I recommend picking 3 from the list and signing up to them (the lower the costs, the better). No money, just signing up. Try them out and see which one you like the best: easy to understand platform, good customer service and a good choice of index funds – those are things you’re looking for. Vanguard is popular because of the extremely low costs, but the problem with them is that you’ll only be able to buy Vanguard ETFs. If you’re ever thinking of buying individual shares, look for a different (but still cheap) broker.
Only you can say, which is why it’s good to try out several platforms. I also recommend going on Reddit threads and seeing how other people invest and what they recommend, you can really learn a lot.
Katie tries out a few. She visits their websites and even signs up to a few demo platforms (another good way to test a platform). Eventually she goes with Vanguard (what a coincidence). She signs up: sends them a photo of her passport and proof of address. Once she’s in, she opens up an ISA (the steps are detailed on the platform) and adds £50 – the first month. This means she has £50 in cash in the platform. She hasn’t invested any of it yet.
Once you’ve signed up to the platform of your choice, it’s time to choose what to invest in. Yes, we said index funds, but there are different types of index funds which track different markets. You could track the FTSE 100, Emerging markets, Global index funds and others such as small cap index funds (small companies). Check the info on each fund: it tells you their past performance, what fees they charge and how risky they are.

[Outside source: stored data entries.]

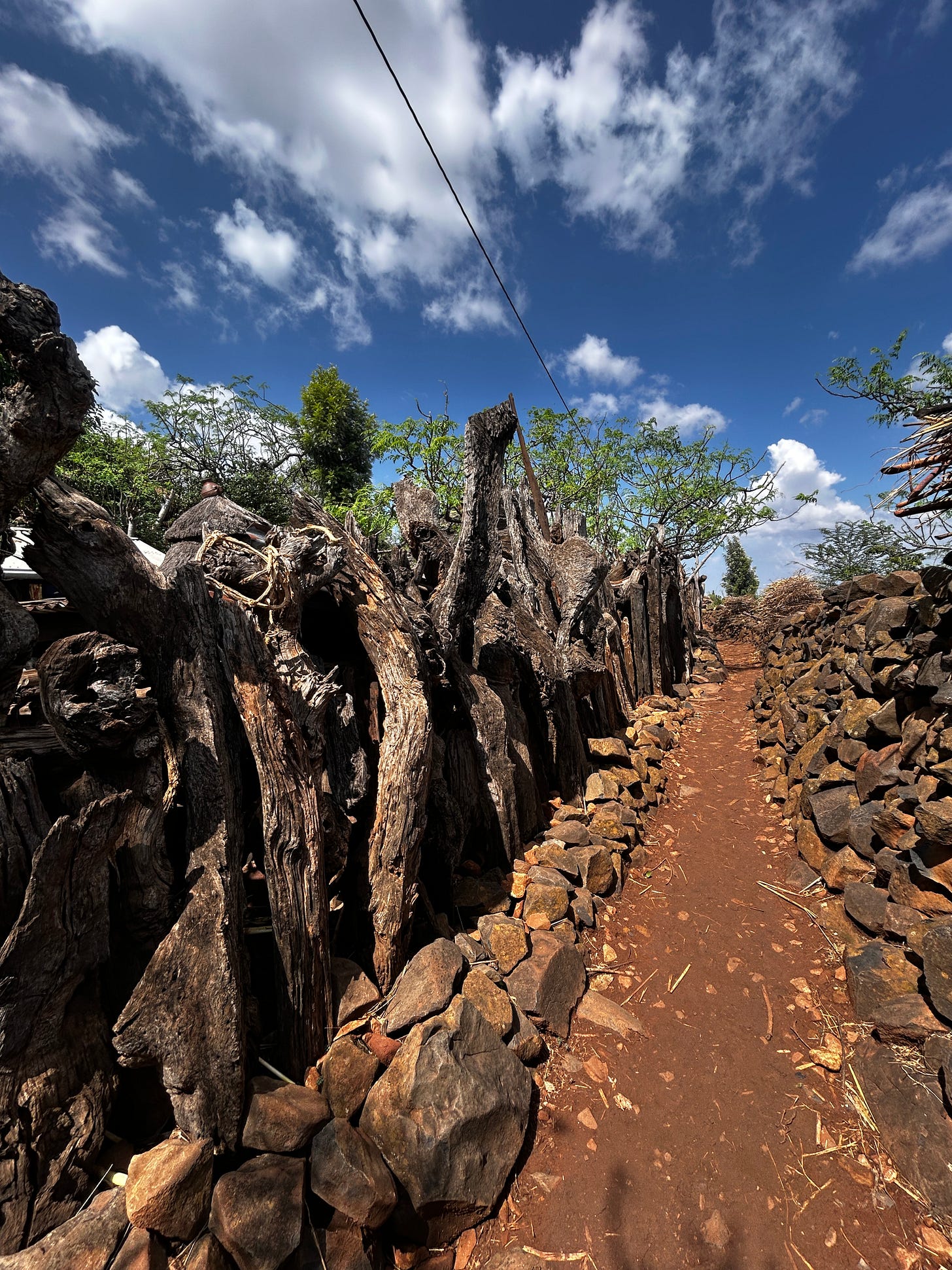 The Konso villages are significant, especially for their construction. The community is based on an age-based system, and the social structure of the village is based on age. The oldest part of the village began in the centre, a short, about 4-foot stone wall built around the initial circular settlement. As the family grows, only the firstborn son inherits the house and lives with his parents. The other siblings must at some point leave the house, and they set up a second community outside the first circle in a second concentric c circle. All concentric circles must share common features, the most important being three unique entrances, the main entrance to welcome people, the second entrance to bring water, and the third entrance for the toilet. So, within this network of narrow paths and lanes, which sometimes feel like a maze, is a unified structure. Talking of a maze, the lanes are built with low stone walls and are narrow for protection against invaders.
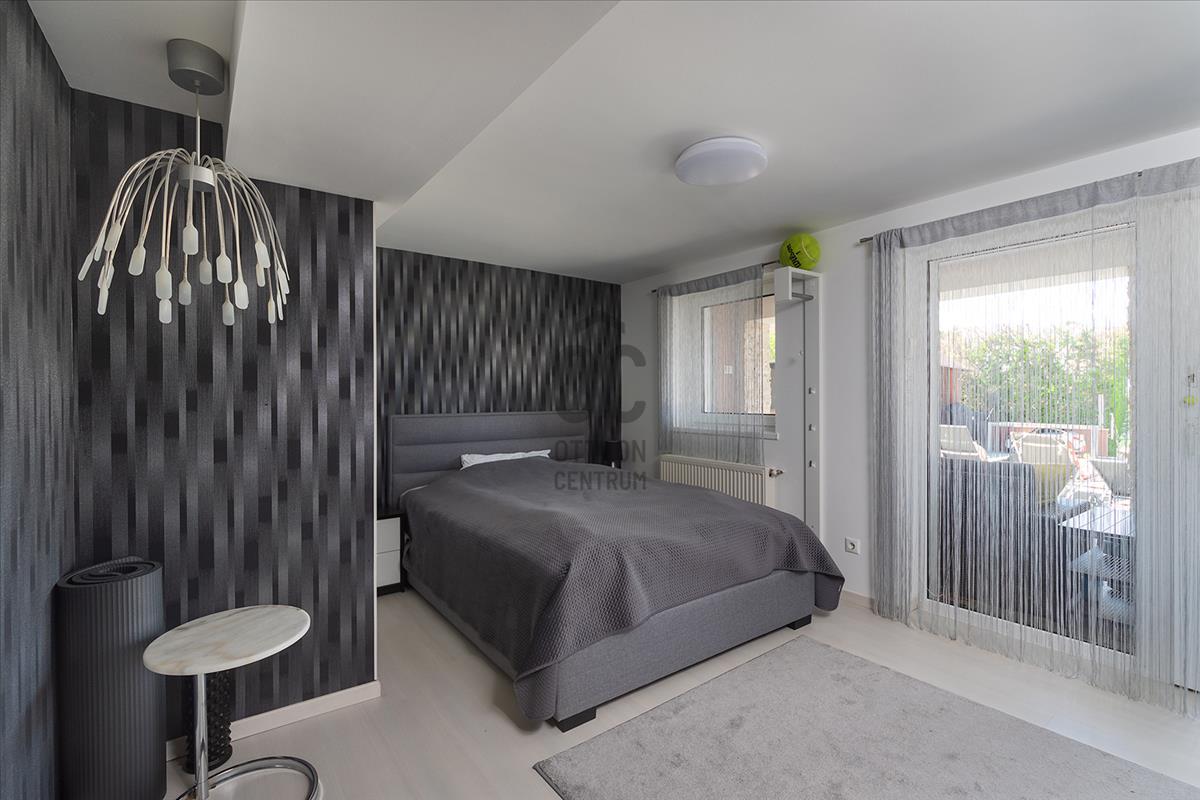 Az első szintről, szintén egy belső lépcsőn keresztül jutunk a felső szintre, ahol található két tágas szoba, egy gardrób szoba, fürdőszoba és wc is.
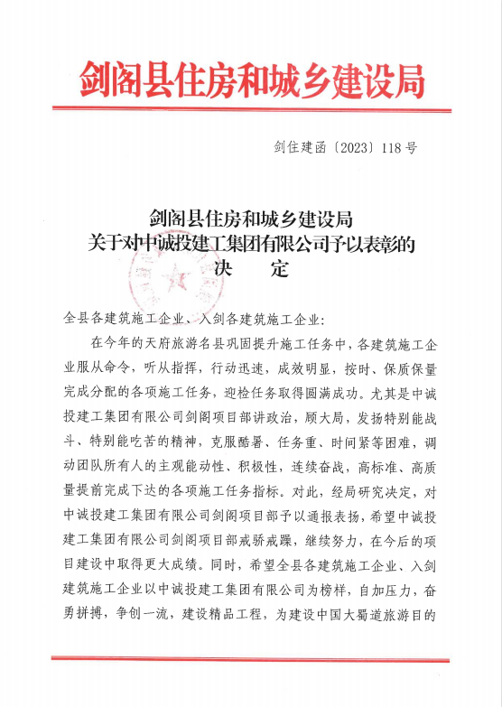 優(yōu)質(zhì)履約贏贊譽(yù)|中誠(chéng)投建工集團(tuán)獲劍閣縣住建局通報(bào)表?yè)P(yáng)
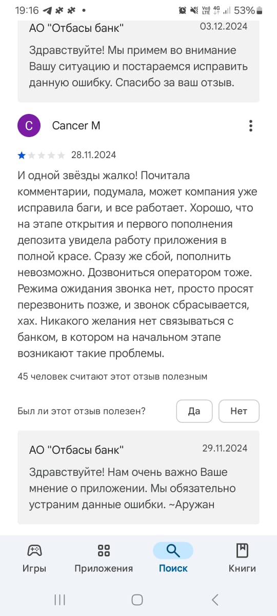 Google Play просто разрывается от гневных комментариев. Многие пишут, что приложение ужасно написано, постоянно вылетают способы авторизации по биометрии и коду-паролю. Кроме того, приложение не показывает сумму, которую пользователь отправил на счет. В ответ на весь негатив сотрудники банка реагируют с должным спокойствием, говоря, что разрабатывается новая версия приложения Otbasy bank Lite.
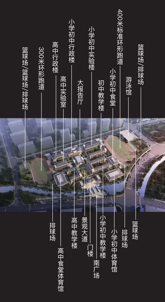 项目用地面积36651平方米,建筑面积约40600平方米,将新建两栋地上六层教学楼(小学部和中学部各一栋),三栋地上五层的教学辅助楼,一栋地上六层的行政办公楼,一栋地上两层地下一层的综合楼。办学规模为54班,其中小学30班,初中24班。

What I recommend: something global and cheap. You don’t want to invest only in one area, since it’s more likely to fluctuate (especially Britain with Brexit and all). Pick a few of the global ones and read through the info pdfs of each one. It will tell you the level of risk, the fees and what exactly it invests in. Pick 5 and try to narrow it down to 1 or 2. That’s where you’ll be putting your money!
Katie looks around Vanguard and decides she wants to go global (we have a clever one!). Vanguard offers Global index funds (called LifeStrategy 100% Equity) at 0.22% cost and with a risk of 5/7. She invests her £50 into the index fund. Yay! She then sets up a direct debit so that every month £50 go into Vanguard global index funds.
It’s exciting to see your money grow every month. You can now sit back and relax, your money is working for you as it earns interest and accumulates over time
But it’s good to keep practicing and keep being interested. You are now an investor: look at what’s going on in the news, check out how other people invest and where else you could do with your money. But of course, only if you want to. What’s great about passive investing is that it’s exactly that: passive. The fact that you’re investing as a student in the first place already a huge step.
After a few months of investing and seeing her nest egg grow, Katie decides she wants to take the next step and really learn more about investing. She signs up to The Economist (which is £12 for the first 12 issues btw!) to keep up to date with the world, she checks out how other people invest on Reddit forums and she looks around for other ways to make her money work for her: maybe a side-hustle, a different index fund, etc. She’s pretty excited; she knows that as long as she keeps her 15% rule going, her nest egg will grow and so will her knowledge.
It’s not easy to get started with investing as a student when it looks scary and risky, but once you understand what the steps are and how simple it can be, you realise how important it is to start investing now. Be like Katie: take the first step. Start researching, looking around and asking on forums. The amount of knowledge out there is astounding, you just need a little push to find it.